If above condition stands, o2dlm_lock_ast_wrapper() must will be or have been called, which also clears OCFS2_LOCK_BUSY.
>
> static void o2dlm_unlock_ast_wrapper(void *astarg, enum dlm_status status)
> {
> struct ocfs2_dlm_lksb *lksb = astarg;
> int error = dlm_status_to_errno(status);
>
> /*
> * In o2dlm, you can get both the lock_ast() for the lock being
> * granted and the unlock_ast() for the CANCEL failing. A
> * successful cancel sends DLM_NORMAL here. If the
> * lock grant happened before the cancel arrived, you get
> * DLM_CANCELGRANT.
> *
> * There's no need for the double-ast. If we see DLM_CANCELGRANT,
> * we just ignore it. We expect the lock_ast() to handle the
> * granted lock.
> */
> if (status == DLM_CANCELGRANT)
> return;
>
> lksb->lksb_conn->cc_proto->lp_unlock_ast(lksb, error);
> }
>
>>>>
>>>> Please don't worry about point 2.
>>>> Like my previous e-mail, after dlm recovery picking up a new master for corresponding lock resource.
>>>> dlmlock() -> convert will retry and send request to new master.
>>>> Eventually, this locking(convert) will succeed and ast() will be called for ocfs2 layer to clear OCFS2_LOCK_BUSY.
>>>
>>> Perhaps you misunderstand my meaning. The AST I meant is for dlmunlock,
>>> not for dlmlock, so it won't cause retry sending request to new master.
>>
>> If the unlocking AST is not back then dlm_send_remote_unlock_request() returns NORMAL.

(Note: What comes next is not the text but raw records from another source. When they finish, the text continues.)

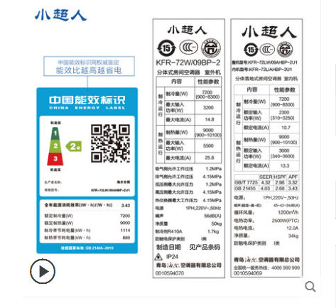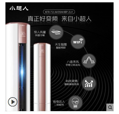 • 商品名称:海尔出品 小超人 KFR-72LW/09AHBP-2U1 3匹立式圆柱冷暖空调柜机
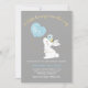 Procurando um chá de fraldas de coelhinho doce para um bebê? Este design apresenta um falso título de caligrafia em ouro, um coelho e um balão de aquarela. O fundo é uma cinza com um padrão listrado de cor branca e azul-bebê no verso. O cabeçalho falso da caligrafia em ouro não pode ser alterado, mas todos os outros textos podem ser editados. O convite para chás de fraldas de coelhinho deste rapaz está pronto para ser personalizado.
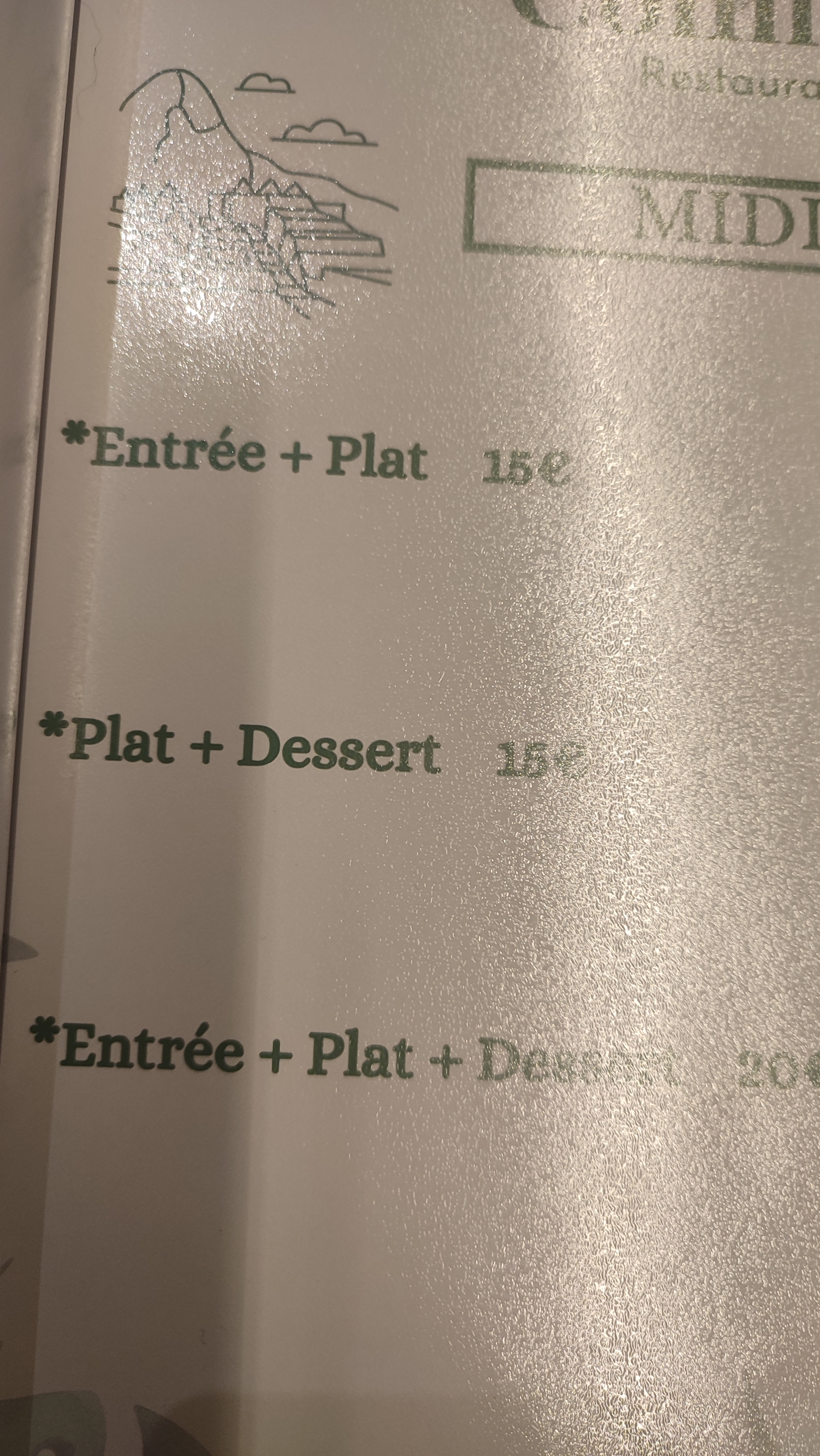 Vraiment excellent et très bon rapport qualité prix (formule entrée plat 15e) Manque plus que des serviettes en tissue pour limiter les déchets et ça sera parfait!

>> Because unlocking AST is synchronized with unlocking request, which means master won't sent back a separated message back(proxy ast type).
>> That means *status* returned from dlm_send_remote_unlock_request() indicates AST for unlocking should be called or not.

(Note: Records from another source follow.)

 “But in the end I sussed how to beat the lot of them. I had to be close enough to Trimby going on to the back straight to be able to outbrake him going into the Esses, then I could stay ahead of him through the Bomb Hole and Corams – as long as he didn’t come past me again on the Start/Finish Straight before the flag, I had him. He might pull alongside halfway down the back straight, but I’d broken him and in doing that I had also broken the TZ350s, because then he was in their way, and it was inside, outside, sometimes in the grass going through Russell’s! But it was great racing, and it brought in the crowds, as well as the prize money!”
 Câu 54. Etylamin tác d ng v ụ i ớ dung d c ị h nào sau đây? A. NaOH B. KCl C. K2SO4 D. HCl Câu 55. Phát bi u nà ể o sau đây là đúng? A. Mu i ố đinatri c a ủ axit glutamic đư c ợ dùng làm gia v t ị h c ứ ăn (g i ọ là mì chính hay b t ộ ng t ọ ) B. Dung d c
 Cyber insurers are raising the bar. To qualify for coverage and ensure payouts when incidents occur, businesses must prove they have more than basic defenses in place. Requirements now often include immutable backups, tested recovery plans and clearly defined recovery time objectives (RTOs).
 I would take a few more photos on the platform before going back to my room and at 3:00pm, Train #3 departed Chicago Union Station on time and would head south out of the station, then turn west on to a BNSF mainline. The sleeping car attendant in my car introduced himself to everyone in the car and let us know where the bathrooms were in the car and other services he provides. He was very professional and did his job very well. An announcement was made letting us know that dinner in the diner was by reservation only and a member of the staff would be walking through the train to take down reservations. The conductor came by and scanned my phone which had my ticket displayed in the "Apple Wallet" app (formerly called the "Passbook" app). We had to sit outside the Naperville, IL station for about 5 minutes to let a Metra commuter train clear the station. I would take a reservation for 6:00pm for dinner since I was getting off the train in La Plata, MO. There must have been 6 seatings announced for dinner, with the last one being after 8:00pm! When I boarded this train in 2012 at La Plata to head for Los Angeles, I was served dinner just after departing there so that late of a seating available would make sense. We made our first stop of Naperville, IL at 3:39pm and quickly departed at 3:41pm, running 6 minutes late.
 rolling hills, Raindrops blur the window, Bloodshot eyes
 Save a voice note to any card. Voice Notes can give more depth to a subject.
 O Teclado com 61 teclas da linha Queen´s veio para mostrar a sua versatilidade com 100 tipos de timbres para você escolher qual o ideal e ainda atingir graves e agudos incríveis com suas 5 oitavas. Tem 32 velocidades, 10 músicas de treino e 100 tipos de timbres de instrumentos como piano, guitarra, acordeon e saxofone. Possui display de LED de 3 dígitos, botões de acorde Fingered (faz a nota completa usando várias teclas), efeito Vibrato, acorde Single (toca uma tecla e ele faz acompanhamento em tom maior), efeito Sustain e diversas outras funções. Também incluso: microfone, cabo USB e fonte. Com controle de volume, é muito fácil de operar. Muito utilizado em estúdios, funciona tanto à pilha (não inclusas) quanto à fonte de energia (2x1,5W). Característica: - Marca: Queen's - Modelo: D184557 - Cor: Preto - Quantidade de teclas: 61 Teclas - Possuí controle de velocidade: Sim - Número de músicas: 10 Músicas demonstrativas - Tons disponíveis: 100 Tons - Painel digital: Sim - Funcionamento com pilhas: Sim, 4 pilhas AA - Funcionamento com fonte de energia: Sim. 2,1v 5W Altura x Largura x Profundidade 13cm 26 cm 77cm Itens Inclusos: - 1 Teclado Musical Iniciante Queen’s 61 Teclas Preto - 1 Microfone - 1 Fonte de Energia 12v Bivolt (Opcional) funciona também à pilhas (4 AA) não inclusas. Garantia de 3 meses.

>> How can AST for unlocking can't be invoked.
>
> Sure, unlocking AST will be invoked, but do nothing(including clear
> OCFS2_LOCK_BUSY).
Actually, it should do nothing since what we want will be done around the locking-grant code logic (including clearing OCFS2_LOCK_BUSY).
Please note that we must ensure the locking can granted, which will fail relevant cancellation.
Thanks,
Changwei
>
>>
>> You really make me puzzled. :- (((
>>
>> Thanks,
>> Changwei
>>
>>>
>>>>
>>>> Thanks,
>>>> Changwei
>>>>
>>>>>
>>>>> For case 2, if DLM_CANCELGRANT is set, o2dlm_unlock_ast_wrapper just
>>>>> return and won't clear OCFS2_LOCK_BUSY. So in this case, I think we
>>>>> should do AST again for it.
>>>>>
>>>>>>
>>>>>>
>>>>>> 341 if (status != DLM_NORMAL) {
>>>>>> 342 if (status != DLM_NOTQUEUED)
>>>>>> 343 dlm_error(status);
>>>>>> 344 dlm_revert_pending_convert(res, lock);
>>>>>> 345 } else if (!lock->convert_pending) {
>>>>>> 346 mlog(0, "%s: res %.*s, owner died and lock has been moved back "
>>>>>> 347 "to granted list, retry convert.\n",
>>>>>> 348 dlm->name, res->lockname.len, res->lockname.name);
>>>>>> 349 status = DLM_RECOVERING;
>>>>>> 350 }
>>>>>>
>>>>>> Thus, dlmlock() will wait until RECOVERY is done.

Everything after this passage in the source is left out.